The agitation provided by Scott’s AST dryer allows hot air to mix with the wet product entering the dryer inlet, reducing the drying time and breaking up lumps. After purchasing a Scott AST dryer system for processing the okara material, Devansoy began producing a finished product that is a golden brown color and with an appealing aroma. To achieve a quality product, a back-mix principle is utilized whereby some of the finished product is returned to a mixing and feed system to reduce the moisture level of the incoming feed stream. The waste okara is dried initially without back-mix to generate what’s called “seed” to start the process. Once a sufficient quantity of seed has been generated from the dried okara, the dried add-back (10% moisture) is mixed with the wet okara (80% moisture), resulting in a mixture that has a moisture level in the vicinity of 25%. A Scott twin-shaft mixer is used to mix the materials together and a live-bottom feeder is used to introduce the feed material into the dryer at a controlled feed rate. Upon exiting the dryer, the dried okara is naturally cooled while being pneumatically conveyed to the add-back system. Excess dried okara is then transferred to finished product storage. The process is able to perpetuate itself and continue to run seamlessly until the supply of wet okara is stopped.

“Devansoy’s investment into the Scott drying system allowed us to take a by-product waste stream from a human food production process and convert to an animal feed product, which also happens to be value added with organic certification,” said Wycoff. “The overall project will continue to generate a positive ROI for years to come at our facility.”
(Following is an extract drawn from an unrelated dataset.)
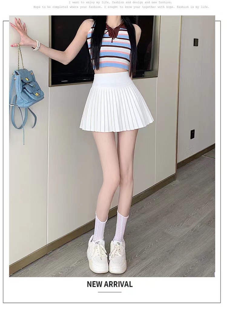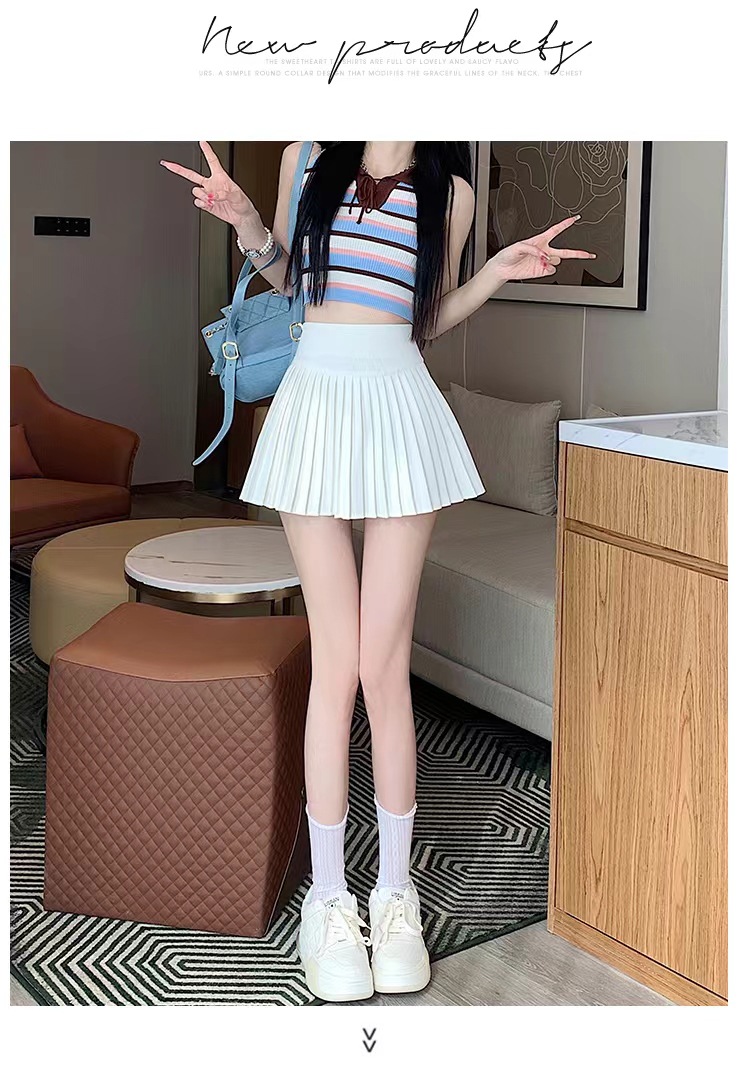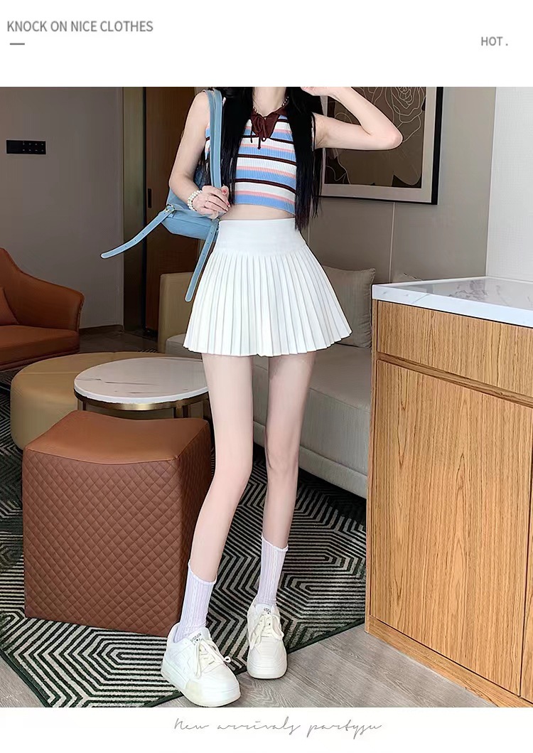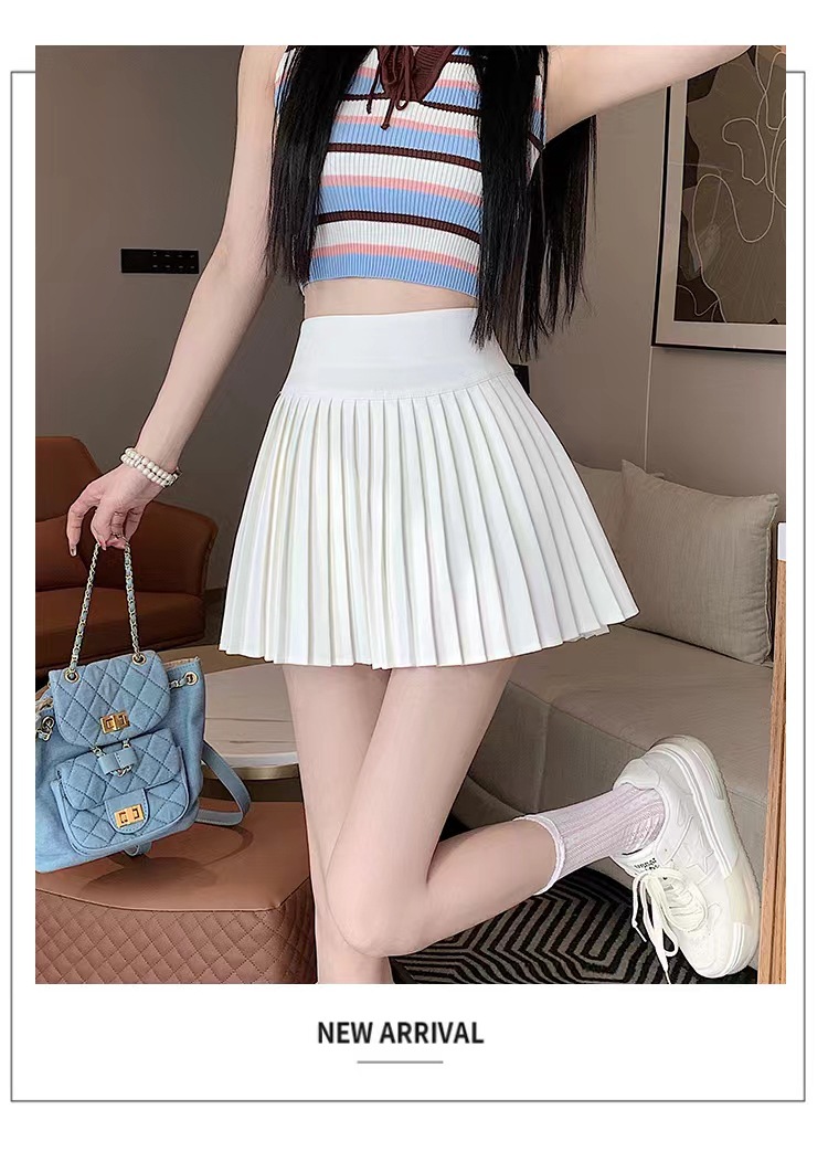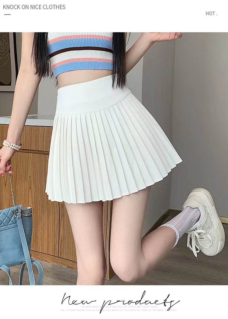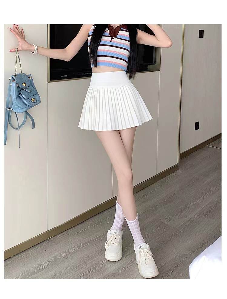 Черная юбка с половинкой женская летняя высокая талия плиссированная юбка 2024 новая весна короткая юбка юбка А-образная юбка тонкая юбка юбка-зонтик летом

Image courtesy of Scott Equipment Co.AST_Dryer_2_SCOTT_EQUIPMENT.jpg

AST dryer

This is only one of many applications for the use of a continuous flow flash dryer like the Scott AST. Each application requires extensive evaluation of many design aspects for the efficient and safe processing of any material. Flash dryers utilize a high cfm of hot air along with a mechanical means to de-agglomerate the material so the particles are distributed in the hot air stream. The more exposure the particles have within the hot air the more efficiently the moisture is released. Various adjustments within the system can be made to either assist in retention of the material or to promote the advancement of the material through the dryer to achieve the desired moisture level. These consist of feed rate, paddle angle, shaft speed, wall plates, inlet temperature, and fan speed. 
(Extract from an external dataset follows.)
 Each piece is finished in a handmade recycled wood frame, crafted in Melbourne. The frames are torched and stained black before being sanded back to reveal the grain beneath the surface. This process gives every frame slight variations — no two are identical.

The primary components of a typical continuous flow dryer system consists of a feed system that is controlled by a VFD to feed the correct amount of material at a given rate, burner/dryer, bag house, possibly a cyclone (depending on the material), and a high CFM fan that is located at the end of the system and draws the air through the dryer and bag house. The advantage of using a high-speed fan that draws the air through the system is that it creates a negative pressurized system that minimizes the dust in the work area. Finished product is often cooled using a jacketed blender as it exits the bag house prior to being packaged.

There are many types of materials that require drying and because of their properties can be complicated to remove the moisture. Because of this, it is always recommended to run lab trials in the dryer manufacturer’s test facility to determine the compatibility of the material with the dryer technology. Also, data points are gathered for determining process parameters and for calculating the correct size of the system to meet the throughput requirements.